Despite all these economic uses, waterlily and lotus act as weeds in several confined waterbodies meant for pisciculture, irrigation, and potable uses. Also, the waterlily and lotus infested lakes become unfit for boating and bathing.
2,4-D at 1.5 kg ha-1 has been found very effective in clearing the fish ponds of waterlily and lotus. Addition of a suitable wetting agent to the spray tank will improve weed kill. Silvex and glyphosate are also found effective against these two noxious weeds.
Aquatic Weed # 8. Vallisneria spiralis (eelgrass):
Eelgrass is a submersed, rooted aquatic weed of confined and slow moving waterbodies. It interfers with the healthy aquatic sport and free flow of water. Eelgrass is found susceptible to 2,4-D (20-60 ppm) and CSP (2 ppm). Also, grasscarp is a rapid feeder of this weed.
Aquatic Weed # 9. Ipomoea carnea (gramaphone flower):
I. carnea is a semi-woody shrub of ditches and waterlogged areas. It grows up to 3m tall, with attractive bell-shaped flowers. Introduced as a hedge plant from South America, now this plant has spread as a noxious weed in numerous roadside ditcheds and paddy fields. 2,4-D (2-3 kg ha-1) has proved very effective in controlling this weed.
Aquatic Weed # 10. Lemnids (duckweeds):
The lemnids comprise species of Lemna and Spirodella. These are very minute (a few mm across), free-floating plants providing a green carpet to the surface of stagnant waterbodies like roadside ditches and small ponds. Lemnids propagate through seeds and by rapid frond division.

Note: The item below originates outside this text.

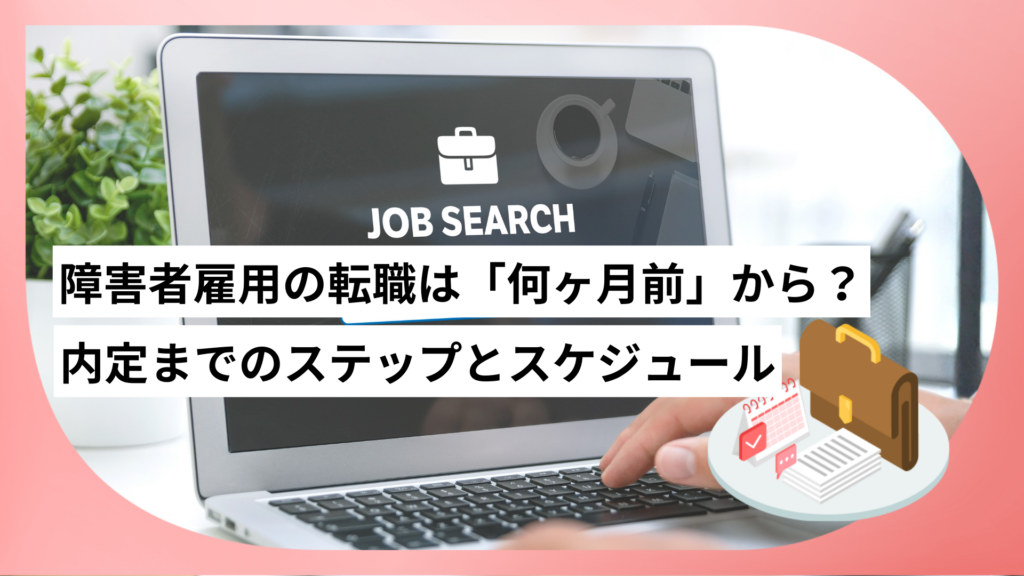 「今の職場環境を変えたい」「もっと自分の障害に合った働き方がしたい」と転職を決意したものの、「転職の始め方がわからない」「希望の時期に入社するには、何ヶ月前から動けばいいの?」と悩んでいませんか? 障害者雇用枠での転職は、一般雇用と比べて... -

Their main weedy nature results from their minute size which enables them to easily enter the irrigation pumps, sprayers, siphon tubes, and the sprinklers; all of which are badly choked. Duckweeds are susceptible to 2,4-D, diquat, and endothall (Na and K salts). Grasscarp and mirrorcarp feed heavily upon these plants.
Aquatic Weed # 11. Alternanthera philoxeroides (alligatorweed):
Alligatorweed is an invasive alien, aquatic, perennial weed. It is native to South America, more specifically Argentina. In India it has spread in her varied waterbodies as well as in regularly inundated, high rainfall terrestrial habitats in almost 16 states since its first record from Bihar in 1965.
In some states it has already assumed serious status. Alligatorweed can tolerate brackish waters. Owing to its high regeneration capacity, the alligatorweed has potential to become serious menace and threaten biodiversity in the country.
In some states, the natives have used alligatorweed shoots as green fodder. Three herbicides, 2,4-D ethyl ester (2-2.5 kg/ha), glyphosate (2.5-3 kg ha-1), and metsulfuron methyl (0.016-0.020 kg ha-1), are found very promising in damaging alligatorweed foliage.
Biological control of the weed is an interesting option in restricting the spread of this perennial weed. Thus for insect bioagents found promising against alligatorweed include- Cassida sp. nr. enervis (turtlebeetle) and Agasicles hygrophyla (fleabeetle).